++++ MATERIAL FOR THIS EXERCISE

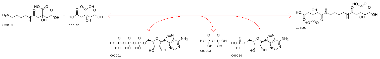 N-Citryputrescine + Citrate + ATP <=> Rhizoferrin + Diphosphate + AMP
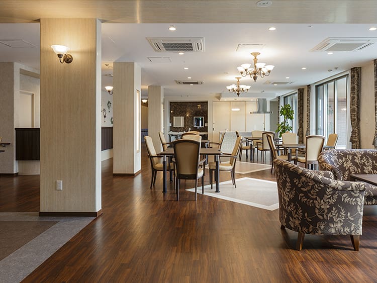 「ヴィラ・プランタン おかやま」に足を踏み入れると、そこは高級ホテルさながらの空間。堂々たる石張りのエントランス、重厚なインテリアが彩るラウンジ、季節を映す植栽など、細部にまで配慮の行き届いた設計は、ご家族の方からも高い評価を得ています。これまで上質な暮らしを存分に楽しんでこられた方々が「自分が暮らす場所にふさわしい」と思えるグレード感にあふれています。
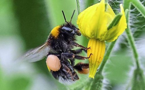 Hummeln sind besonders kräftig: Sie umschließen die Tomatenblüte und bringen sie zum Vibrieren. Erst dan
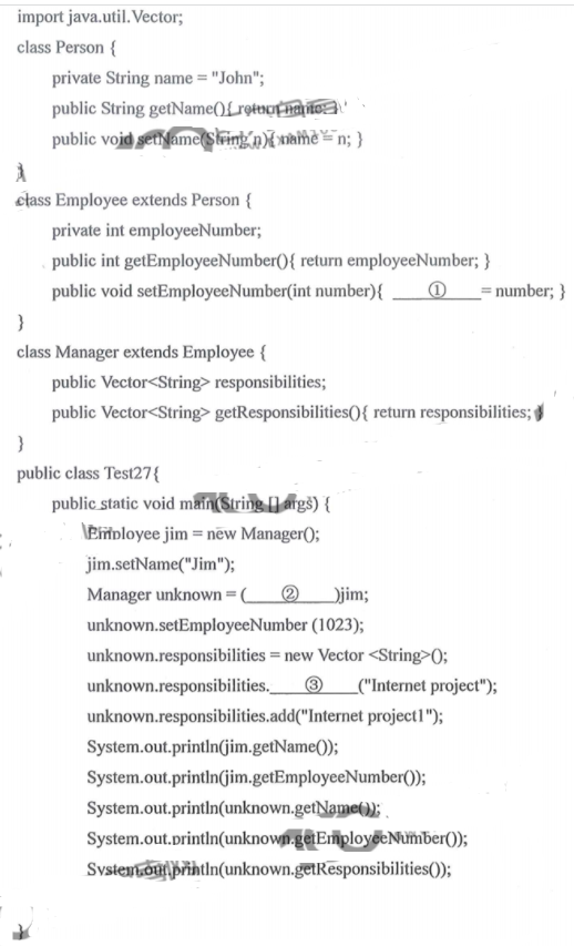 以下程序定义了父类Person、Person的子类Employee和Employee的子类Manager。
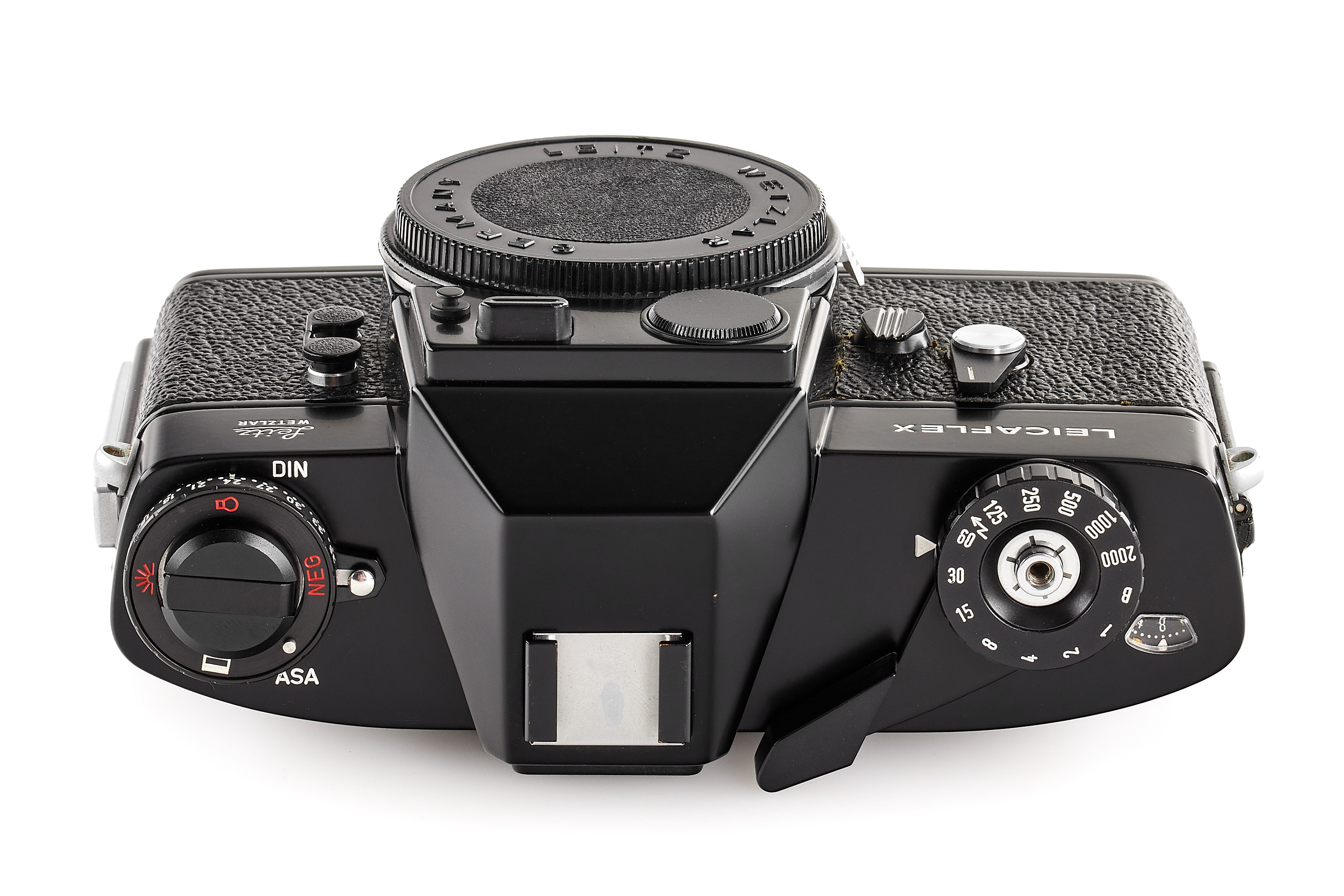 Very nice and uncommon black paint, early first version with a 'pie' shaped frame counter, in almost mint condition and working order, clean and clear prism, with body cap, delivered on 10.10.1965 to Swiss Leica dealer Petraglio.
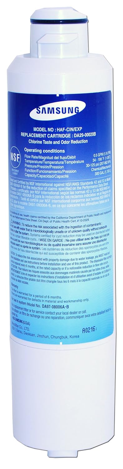 Clean, great tasting water and ice is what you get when you purchase the Samsung DA29-00020B water filter by Cuno. With this filter you are receiving the expertise of a world leader in liquid filtration that has been around for more than 90 years. You can be assured of getting high quality water for your home or your business that is free of harmful contaminants such as chlorine, dirt, rust and other particles, as well as unpleasant odors and tastes. The materials used in this water filter are top quality ensuring that the product lasts longer while filtering away most of the impurities that give water a strange odor and taste. This water filter will also prolong the life of your refrigerator. It was designed to lessen the sediment deposits in your refrigerators ice machine. The filtration process handled by this water filter involves the passing of the water from the exterior surfaces until it goes into the middle of the cartridge. With every filtering layer that the water goes through, the pores of the filters become smaller, so as to get rid of even the most minute particles or impurities in water. It does not remove minerals which may be beneficial to health such as fluoride. The interval of the changing of these filters is dependent on the quality of your water as well as on the water consumption of your entire household. This refrigerator water filter is used in select Samsung French door and side-by-side refrigerators with filter access inside the refrigerator. Samsung DA29-00020B water filter can be used in the system for Model: DA97-08006A-B. Fits Models RS267, RFS265, RS263, RS261, RFG293, RF4287. CUNO Inc. a 3M company, is the Original Equipment Manufacturer (OEM) for Samsung water filters. They are a world leader in the design, manufacture, and marketing of filtration products for the separation, clarification, and purification of fluids and gasses. Its proprietary products are widely used throughout the global healthcare, industrial, and water markets.
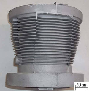 ![]() Figure 8. Aluminum cast at Funcred -Aluminum Foundry (São Carlos – Brazil). | ![]() Figure 10 White iron (2.0%w.t. Ni) cast at Ferrusi - Casting Industrial Ltda. (Sertãozinho – Brazil). |
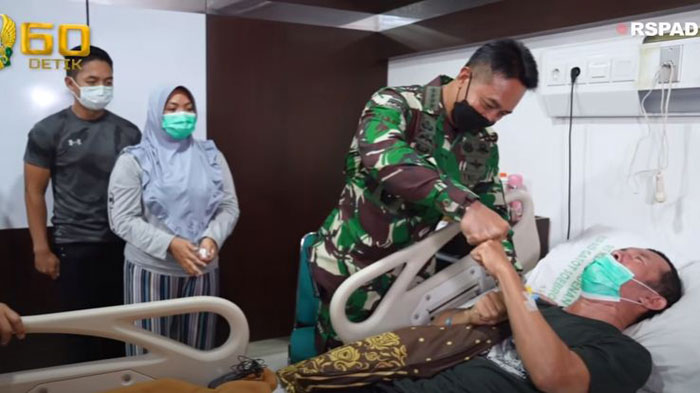 Tangis mantan prajurit Armed Kostrad, Kopka Ade Casmita pecah saat dijenguk KASAD Jenderal Andika Perkasa.
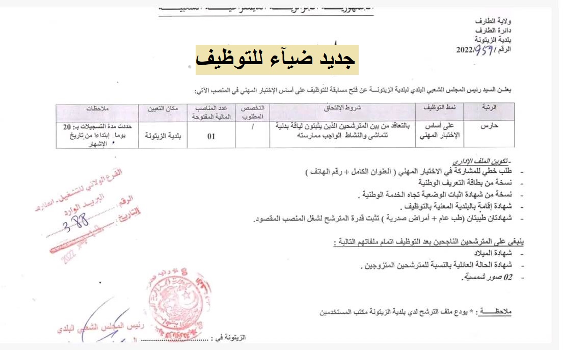 اعلان عن توظيف ببلدية الزيتونة بولاية الطارف
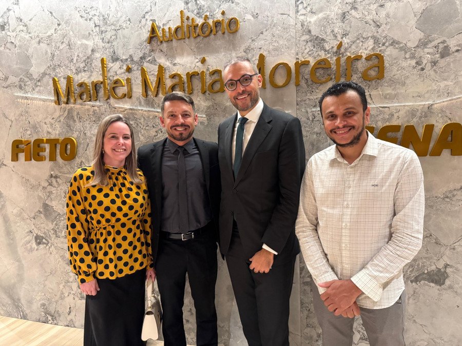 O palestrante e advogado tributarista Alexandre Limiro, mestre em Direito e ex-conselheiro do Conselho Administrativo de Recursos Fiscais (CARF), posa para a CCMNC ao lado dos proprietários do Hospital de Olhos de Araguaína, Dr. João Arraes e Dra. Tatiana Arraes, e do mestre de cerimônias e diretor-secretário da A Associação Comercial e Industrial de Araguaína - ACIARA, Itamar de Oliveira Pereira, durante o coquetel do Observatório da Reforma Tributária, realizado na noite de quinta-feira, em 29 de janeiro, no Auditório Marlei Moreira, na Federação da Industria do Estado do Tocantins -FIETO, em Araguaína.
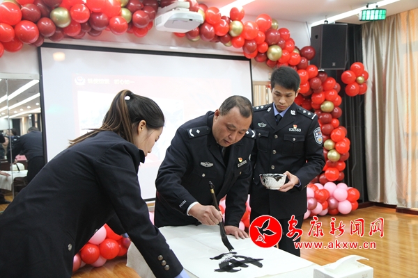 活動在雄壯有力的大合唱《人民警察之歌》中拉開序幕,詩朗誦《新年,你好!》,用詩行傳遞濃濃的節(jié)日祝福;女生小合唱《年輕的朋友來相會》,輕快的旋律,甜美的歌聲,瞬間把大家又拉回了那些青蔥歲月;崔銳利副局長一首《把根留住》獨(dú)唱,聲情并茂,把活動推向高潮;王鵬支隊長書法表演《納福迎新》,筆勢雄奇,姿態(tài)橫生,讓從警的初心從道路向筆尖延伸,即興吹奏《蘆笙戀歌》,蘆笙悠揚(yáng),宛如天籟,令人陶醉;舞蹈《舞有規(guī)行有矩》,將遵規(guī)守法融入舞蹈表演;獨(dú)唱《拉著中華媽媽的手》,婉聲悅耳,情真意切,祝愿祖國母親明天更美好;小合唱《走進(jìn)新時代》,老歌新唱,踏著新時代的東風(fēng)我們整裝再出發(fā);最后,活動在大合唱《我和我的祖國》中落下帷幕。
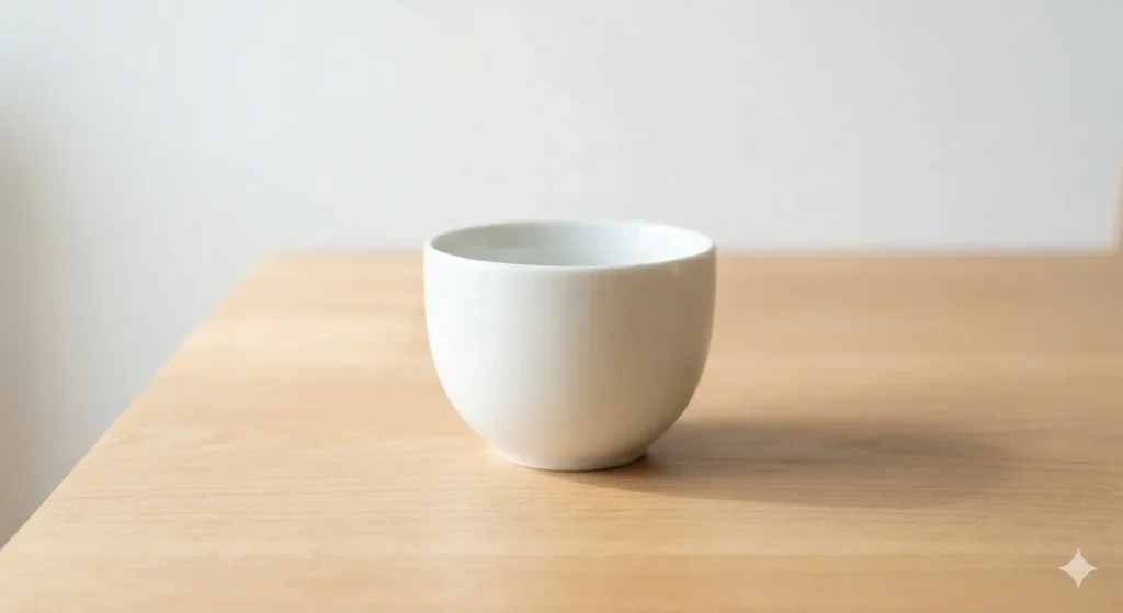 この写真(ひとつの器)では、滑らかな木のテーブルの上に、白い陶器のカップが一つだけ置かれています。背景は、白壁で、何もない。
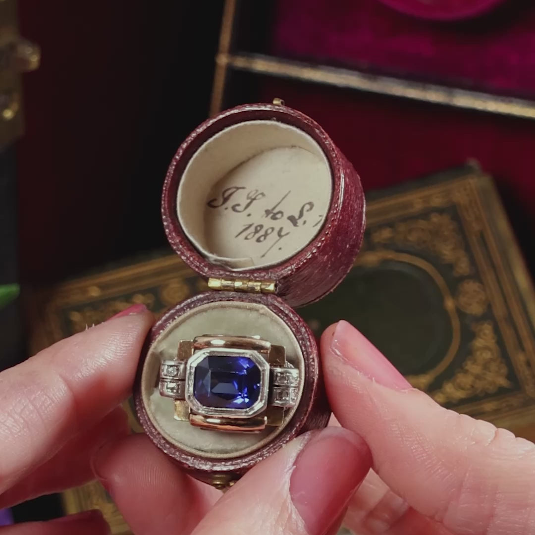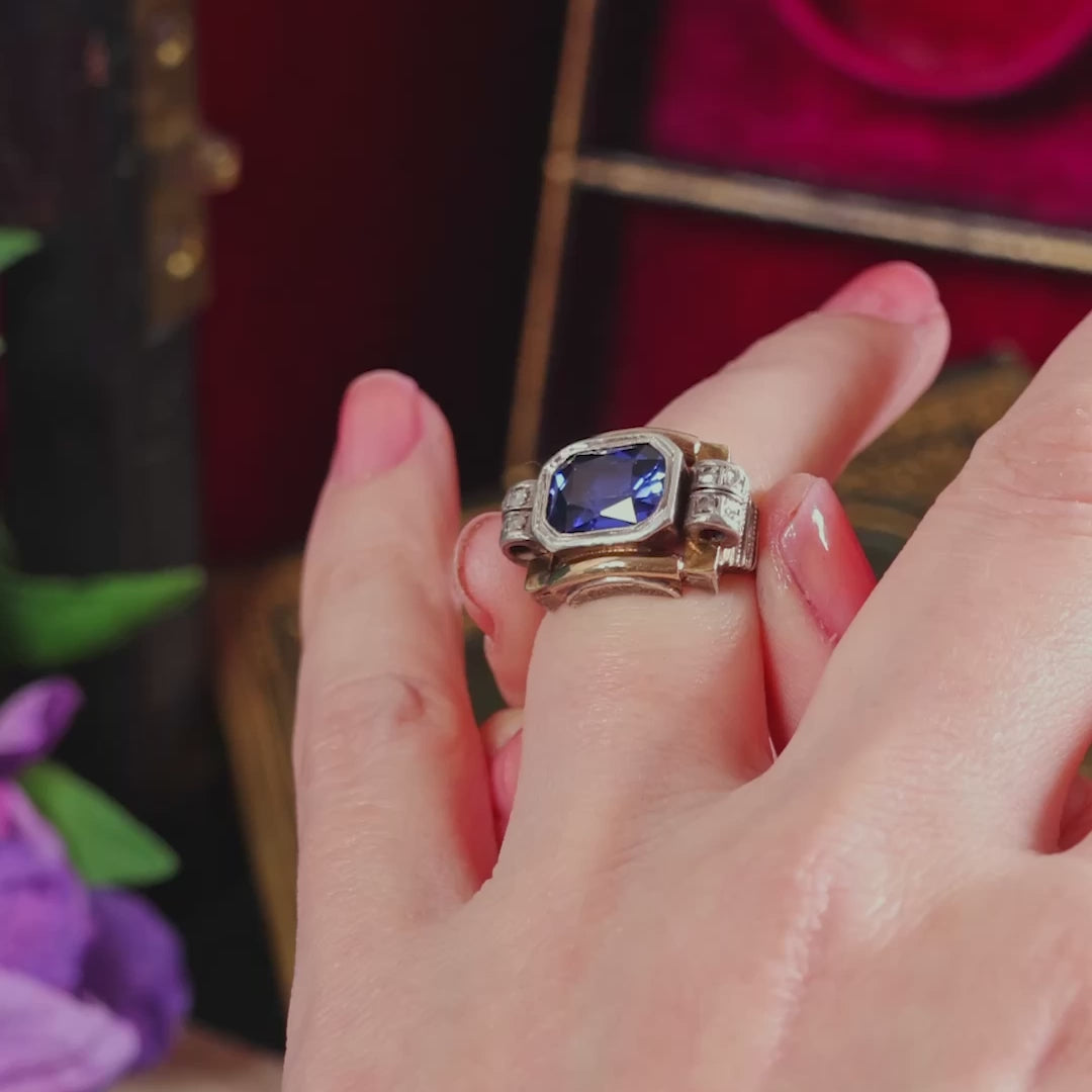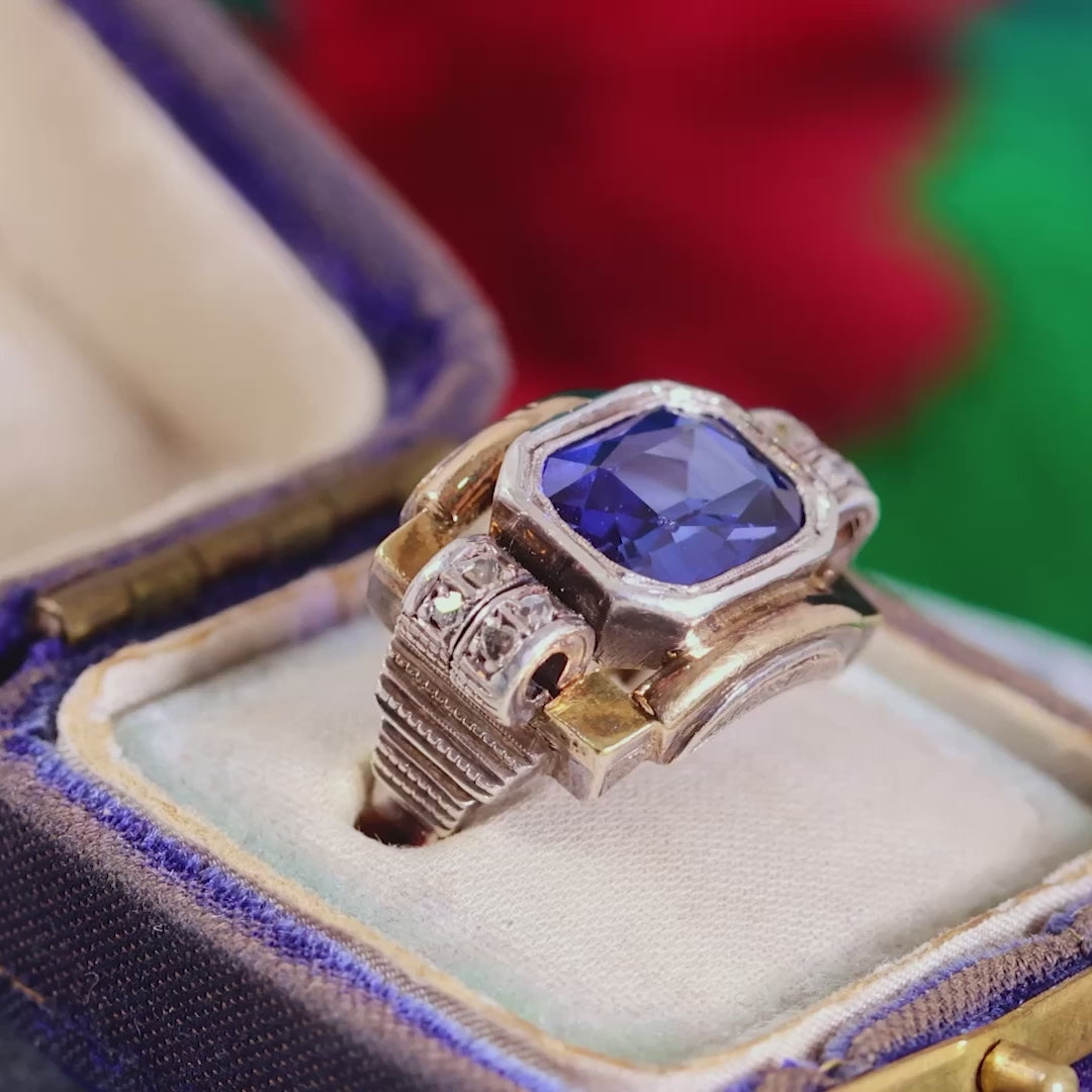 A luscious vintage Continental Art Deco dress ring designed around an ideal deep blue synthetic Sapphire (created by the flame fusion process in a laboratory). Read more about this process here. All original and dating to the 1940's/50's, the fabulous gemstone is accented by tiny old hand faceted rose-cut Diamonds set to the Odeon styled Silver shoulders which themselves are further ornamented by hand engraving to the side view. Hand crafted and with great imagination and verve to express the excitement of the Jazz Age.

++++++++

▶ _AIM OF THE TASK_: Output the data verbatim, images excluded.

▶ _EXERCISE RESULT_:
 N-Citryputrescine + Citrate + ATP <=> Rhizoferrin + Diphosphate + AMP
 「ヴィラ・プランタン おかやま」に足を踏み入れると、そこは高級ホテルさながらの空間。堂々たる石張りのエントランス、重厚なインテリアが彩るラウンジ、季節を映す植栽など、細部にまで配慮の行き届いた設計は、ご家族の方からも高い評価を得ています。これまで上質な暮らしを存分に楽しんでこられた方々が「自分が暮らす場所にふさわしい」と思えるグレード感にあふれています。
 Hummeln sind besonders kräftig: Sie umschließen die Tomatenblüte und bringen sie zum Vibrieren. Erst dan
 以下程序定义了父类Person、Person的子类Employee和Employee的子类Manager。
 Very nice and uncommon black paint, early first version with a 'pie' shaped frame counter, in almost mint condition and working order, clean and clear prism, with body cap, delivered on 10.10.1965 to Swiss Leica dealer Petraglio.
 Clean, great tasting water and ice is what you get when you purchase the Samsung DA29-00020B water filter by Cuno. With this filter you are receiving the expertise of a world leader in liquid filtration that has been around for more than 90 years. You can be assured of getting high quality water for your home or your business that is free of harmful contaminants such as chlorine, dirt, rust and other particles, as well as unpleasant odors and tastes. The materials used in this water filter are top quality ensuring that the product lasts longer while filtering away most of the impurities that give water a strange odor and taste. This water filter will also prolong the life of your refrigerator. It was designed to lessen the sediment deposits in your refrigerators ice machine. The filtration process handled by this water filter involves the passing of the water from the exterior surfaces until it goes into the middle of the cartridge. With every filtering layer that the water goes through, the pores of the filters become smaller, so as to get rid of even the most minute particles or impurities in water. It does not remove minerals which may be beneficial to health such as fluoride. The interval of the changing of these filters is dependent on the quality of your water as well as on the water consumption of your entire household. This refrigerator water filter is used in select Samsung French door and side-by-side refrigerators with filter access inside the refrigerator. Samsung DA29-00020B water filter can be used in the system for Model: DA97-08006A-B. Fits Models RS267, RFS265, RS263, RS261, RFG293, RF4287. CUNO Inc. a 3M company, is the Original Equipment Manufacturer (OEM) for Samsung water filters. They are a world leader in the design, manufacture, and marketing of filtration products for the separation, clarification, and purification of fluids and gasses. Its proprietary products are widely used throughout the global healthcare, industrial, and water markets.
 ![]() Figure 8. Aluminum cast at Funcred -Aluminum Foundry (São Carlos – Brazil). | ![]() Figure 10 White iron (2.0%w.t. Ni) cast at Ferrusi - Casting Industrial Ltda. (Sertãozinho – Brazil). |
 Tangis mantan prajurit Armed Kostrad, Kopka Ade Casmita pecah saat dijenguk KASAD Jenderal Andika Perkasa.
 اعلان عن توظيف ببلدية الزيتونة بولاية الطارف
 O palestrante e advogado tributarista Alexandre Limiro, mestre em Direito e ex-conselheiro do Conselho Administrativo de Recursos Fiscais (CARF), posa para a CCMNC ao lado dos proprietários do Hospital de Olhos de Araguaína, Dr. João Arraes e Dra. Tatiana Arraes, e do mestre de cerimônias e diretor-secretário da A Associação Comercial e Industrial de Araguaína - ACIARA, Itamar de Oliveira Pereira, durante o coquetel do Observatório da Reforma Tributária, realizado na noite de quinta-feira, em 29 de janeiro, no Auditório Marlei Moreira, na Federação da Industria do Estado do Tocantins -FIETO, em Araguaína.
 活動在雄壯有力的大合唱《人民警察之歌》中拉開序幕,詩朗誦《新年,你好!》,用詩行傳遞濃濃的節(jié)日祝福;女生小合唱《年輕的朋友來相會》,輕快的旋律,甜美的歌聲,瞬間把大家又拉回了那些青蔥歲月;崔銳利副局長一首《把根留住》獨(dú)唱,聲情并茂,把活動推向高潮;王鵬支隊長書法表演《納福迎新》,筆勢雄奇,姿態(tài)橫生,讓從警的初心從道路向筆尖延伸,即興吹奏《蘆笙戀歌》,蘆笙悠揚(yáng),宛如天籟,令人陶醉;舞蹈《舞有規(guī)行有矩》,將遵規(guī)守法融入舞蹈表演;獨(dú)唱《拉著中華媽媽的手》,婉聲悅耳,情真意切,祝愿祖國母親明天更美好;小合唱《走進(jìn)新時代》,老歌新唱,踏著新時代的東風(fēng)我們整裝再出發(fā);最后,活動在大合唱《我和我的祖國》中落下帷幕。
 この写真(ひとつの器)では、滑らかな木のテーブルの上に、白い陶器のカップが一つだけ置かれています。背景は、白壁で、何もない。
 A luscious vintage Continental Art Deco dress ring designed around an ideal deep blue synthetic Sapphire (created by the flame fusion process in a laboratory). Read more about this process here. All original and dating to the 1940's/50's, the fabulous gemstone is accented by tiny old hand faceted rose-cut Diamonds set to the Odeon styled Silver shoulders which themselves are further ornamented by hand engraving to the side view. Hand crafted and with great imagination and verve to express the excitement of the Jazz Age.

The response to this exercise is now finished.